物質の純度は、その物質が機能を果たす上で最も重要と考えられる幾つかの方法で測定されます。ココでは、有機化合物の純度測定方法を中心にまとめてみました。


融点:melting point

物質が固体有機化合物の場合は、融点は簡単に純度を知る方法として用いられています。直径1 mm程度のガラス管に少量の有機物を入れ、そのガラス管を硫酸やシリコン油などの液体に浸して温度をゆっくりと上げていき、有機物が融解または分解する温度と融解・分解が始まってから終わるまでの温度幅を測定して純度を知る方法です。高純度であれば、特定の温度域で融解しますが、純度が低いと本来の融点より低い温度から融解が始まり、融けはじめから融け終わるまでの温度幅が広くなります。高純度品との比較が容易で純度を判断しやすい融点は多くの試薬や化成品の製品規格に取り入れられています。


薄層クロマトグラフ:thin layer chromatograph(TLC)(図1)

ガラス板やアルミシートなどにシリカゲル粉末やアルミナ粉末を塗布した基板が使用されます。
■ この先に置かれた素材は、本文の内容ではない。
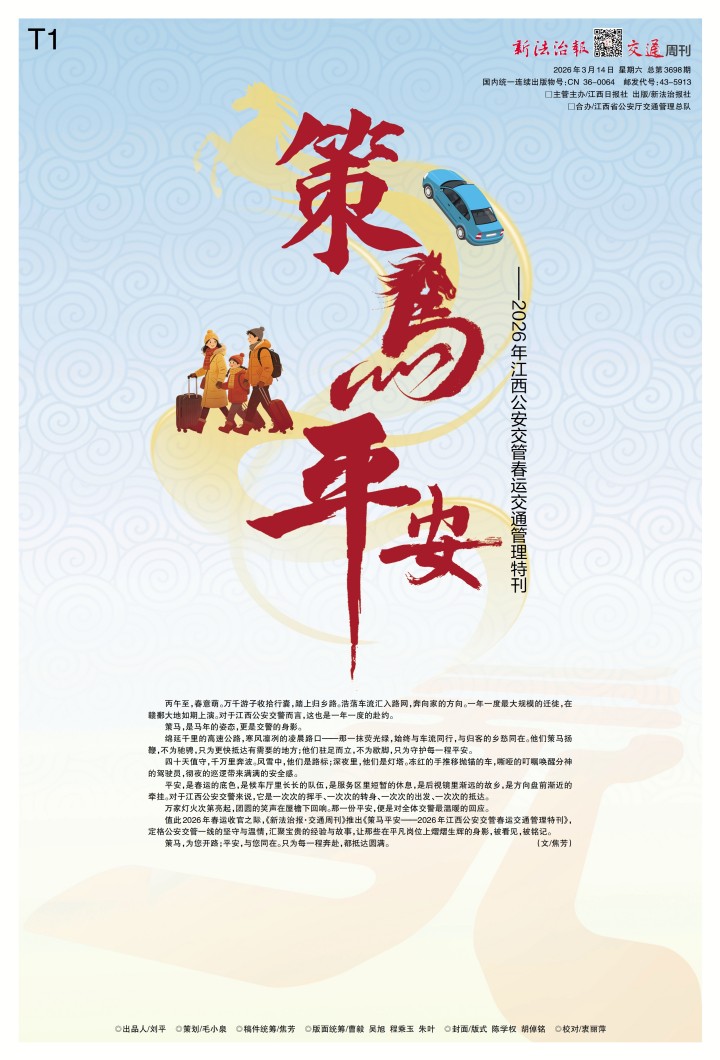 值此2026年春运收官之际,《新法治报·交通周刊》推出《策马平安——2026年江西公安交管春运交通管理特刊》,定格公安交管一线的坚守与温情,汇聚宝贵的经验与故事,让那些在平凡岗位上熠熠生辉的身影,被看见,被铭记。

基板の下の部位に分析したいサンプル溶液をスポットしたあと、適当な有機溶媒や酸や水などを含む混合有機溶媒(展開溶媒)に基板の下端部分を浸し、毛細管現象で溶媒が上昇する間にサンプルに含まれる化合物と不純物が分かれてきます(展開工程)。それを発色剤で目視できるようにした後、不純物スポットの有無と量を目視または画像で評価するものです。純度が高ければスポットは1個になります。TLCは反応の状態を確認するためにも頻度よく使用される分析方法で、原料の減少・消失状態と目的生成物の増加度合、副反応物の生成量などを観察し、反応の進行状況を評価する方法として用いられます。TLCでは不純物のスポットが観察されなければ純度が高いと考えられますが、無機物や検出されにくい成分が混入してくる場合があり、それらの成分が存在するかどうかを別の方法で分析する必要があります。

吸光分光器:absorption spectroscopy(図2)

一定の濃度になるように水や有機溶媒などに溶解した化合物溶液を調製し、その溶液の光の吸収度合を測る方法です。紫外領域から近赤外領域までの波長をセルに入った溶液に当てて、どの波長域の光がどれくらい吸収されるかをみて、化合物溶液の濃度から純度換算するものです。図では、特定の波長の吸光度を測定することにより、溶液Bに含まれる化合物の量は溶液A(純度100%の標準物質)を基準にした場合の70%程度なので、純度は70%と数値化できます。従って、水や不溶物、無機物などが化合物に含まれている場合、吸光度に影響を与えることになります。特定の波長でモル吸光係数(特定の化合物溶液が特定の波長の光を吸収する度合をモル濃度で数値化した値)が定まっている化合物の場合には、その数値を使って純度を数値化することができますので標準物質との比較は不要です。その他、特定の波長域に吸収がないことで化合物の純度を管理することにも使用されています。

旋光計:polarimater

アミノ酸や糖などの化合物は鏡像異性体が混在することがあり、d体、ℓ体としてそれら異性体は区別されます。鏡像異性体を持つ化合物の純度は旋光計を使って測定することができます。旋光計には偏光子が付いており、これによって一定の角度のみに絞り込まれた光を使って、その光が化合物溶液を通過する際に含まれる化合物の光学活性度によって生じた光の角度の変化を測ります。その角度が旋光度として表示されます。また、旋光度を測定する際に影響する濃度、温度、溶媒、セル長、光の波長を一定にすれば旋光度の比較ができるようになり、それによって得られる値を比旋光度と呼びます。鏡像異性体構造となる化合物は、旋光度以外はその対の化合物と同じ物性を示すため通常の分析では区別するのが困難です。そのため、光学異性体の一方が機能を発揮する場合においては旋光度を測定することが必要で、さらに片一方が毒性を示す場合はその検出は極めて重要です。なお、鏡像異性体構造を持つ化合物に不斉構造を持つ化合物を付加して誘導体化すると鏡像異性体構造を取らず、それぞれで物性が異なるためTLCや次のHPLCなどの分離による分析が行えるようになります。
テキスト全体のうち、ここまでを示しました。